All results should be sorted by query, but it is sorted by day.

ealonsodb commented 7 years ago

Hi @evildecay: Which version of cassandra-lucene-index are you using?

evildecay commented 7 years ago

Hi @ealonsodb: cassandra-lucene-index-3.10.0

ealonsodb commented 7 years ago

Hi @evildecay:

This is not a bug, this is the expected behaviour. Indeed your are executing two different SinglePartitionReadCommand over the same table.
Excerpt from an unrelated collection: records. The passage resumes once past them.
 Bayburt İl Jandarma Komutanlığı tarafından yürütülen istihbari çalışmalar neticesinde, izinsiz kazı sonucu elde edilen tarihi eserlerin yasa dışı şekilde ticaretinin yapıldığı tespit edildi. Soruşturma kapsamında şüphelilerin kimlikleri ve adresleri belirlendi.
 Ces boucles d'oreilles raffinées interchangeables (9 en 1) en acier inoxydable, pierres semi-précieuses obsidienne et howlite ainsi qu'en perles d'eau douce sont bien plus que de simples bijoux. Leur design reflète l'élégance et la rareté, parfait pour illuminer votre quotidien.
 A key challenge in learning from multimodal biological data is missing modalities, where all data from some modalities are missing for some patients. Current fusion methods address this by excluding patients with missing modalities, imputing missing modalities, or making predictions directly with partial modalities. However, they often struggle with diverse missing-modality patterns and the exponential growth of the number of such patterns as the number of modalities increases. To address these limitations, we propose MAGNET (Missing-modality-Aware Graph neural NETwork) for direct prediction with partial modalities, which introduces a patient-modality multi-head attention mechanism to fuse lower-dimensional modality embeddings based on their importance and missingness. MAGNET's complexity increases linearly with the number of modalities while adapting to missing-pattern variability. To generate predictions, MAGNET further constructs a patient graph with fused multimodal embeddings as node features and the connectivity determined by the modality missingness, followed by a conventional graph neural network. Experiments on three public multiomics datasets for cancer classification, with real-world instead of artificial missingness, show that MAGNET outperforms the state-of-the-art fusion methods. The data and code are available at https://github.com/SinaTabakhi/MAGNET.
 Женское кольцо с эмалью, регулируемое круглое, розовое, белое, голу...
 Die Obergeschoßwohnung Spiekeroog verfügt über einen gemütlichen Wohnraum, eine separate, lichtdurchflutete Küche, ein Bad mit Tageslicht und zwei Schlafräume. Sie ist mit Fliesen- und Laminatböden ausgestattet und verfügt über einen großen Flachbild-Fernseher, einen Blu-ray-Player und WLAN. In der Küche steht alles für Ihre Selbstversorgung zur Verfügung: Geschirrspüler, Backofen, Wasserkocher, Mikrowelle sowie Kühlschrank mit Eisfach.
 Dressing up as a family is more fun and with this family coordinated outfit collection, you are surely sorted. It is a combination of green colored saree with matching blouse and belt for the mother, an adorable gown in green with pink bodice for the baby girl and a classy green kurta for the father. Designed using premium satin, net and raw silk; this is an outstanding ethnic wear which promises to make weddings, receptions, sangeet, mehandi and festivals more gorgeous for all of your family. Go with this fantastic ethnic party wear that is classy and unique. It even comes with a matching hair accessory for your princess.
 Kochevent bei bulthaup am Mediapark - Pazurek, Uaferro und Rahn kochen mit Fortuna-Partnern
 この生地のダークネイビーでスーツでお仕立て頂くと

Indeed the sortField is sorting only one-by-one single-partition results. This is a basic test that confirms this:

If you execute:

SELECT * FROM test WHERE id = '1' and day in ('2017-05-30', '2017-05-31') and
    expr(test_lucene, '{
        filter:[
            {type: "prefix", field: "name", value: "Tom"}
        ],
        sort:[{field:"ctime", reverse:true}]
    }') limit 10;

you'll get:

 id | day        | ctime                    | name
----+------------+--------------------------+------
  1 | 2017-05-30 | 2017-05-30 10:06:45+0000 | Tom5
  1 | 2017-05-30 | 2017-05-30 10:06:44+0000 | Tom4
  1 | 2017-05-30 | 2017-05-30 10:06:43+0000 | Tom3
  1 | 2017-05-30 | 2017-05-30 10:06:42+0000 | Tom2
  1 | 2017-05-30 | 2017-05-30 10:06:41+0000 | Tom1
  1 | 2017-05-31 | 2017-05-31 10:06:44+0000 | Tom9
  1 | 2017-05-31 | 2017-05-31 10:06:43+0000 | Tom8
  1 | 2017-05-31 | 2017-05-31 10:06:42+0000 | Tom7
  1 | 2017-05-31 | 2017-05-31 10:06:41+0000 | Tom6

And if you execute it reversed

select * from test where id = '1' and day in ('2017-05-30', '2017-05-31') and
    expr(test_lucene, '{
        filter:[
            {type: "prefix", field: "name", value: "Tom"}
        ],
        sort:[{field:"ctime", reverse:false}]
    }') limit 10;

you'll get:

 id | day        | ctime                    | name
----+------------+--------------------------+------
  1 | 2017-05-30 | 2017-05-30 10:06:41+0000 | Tom1
  1 | 2017-05-30 | 2017-05-30 10:06:42+0000 | Tom2
  1 | 2017-05-30 | 2017-05-30 10:06:43+0000 | Tom3
  1 | 2017-05-30 | 2017-05-30 10:06:44+0000 | Tom4
  1 | 2017-05-30 | 2017-05-30 10:06:45+0000 | Tom5
  1 | 2017-05-31 | 2017-05-31 10:06:41+0000 | Tom6
  1 | 2017-05-31 | 2017-05-31 10:06:42+0000 | Tom7
  1 | 2017-05-31 | 2017-05-31 10:06:43+0000 | Tom8
  1 | 2017-05-31 | 2017-05-31 10:06:44+0000 | Tom9

With this test we can realize that sorting is happening just inside each partition.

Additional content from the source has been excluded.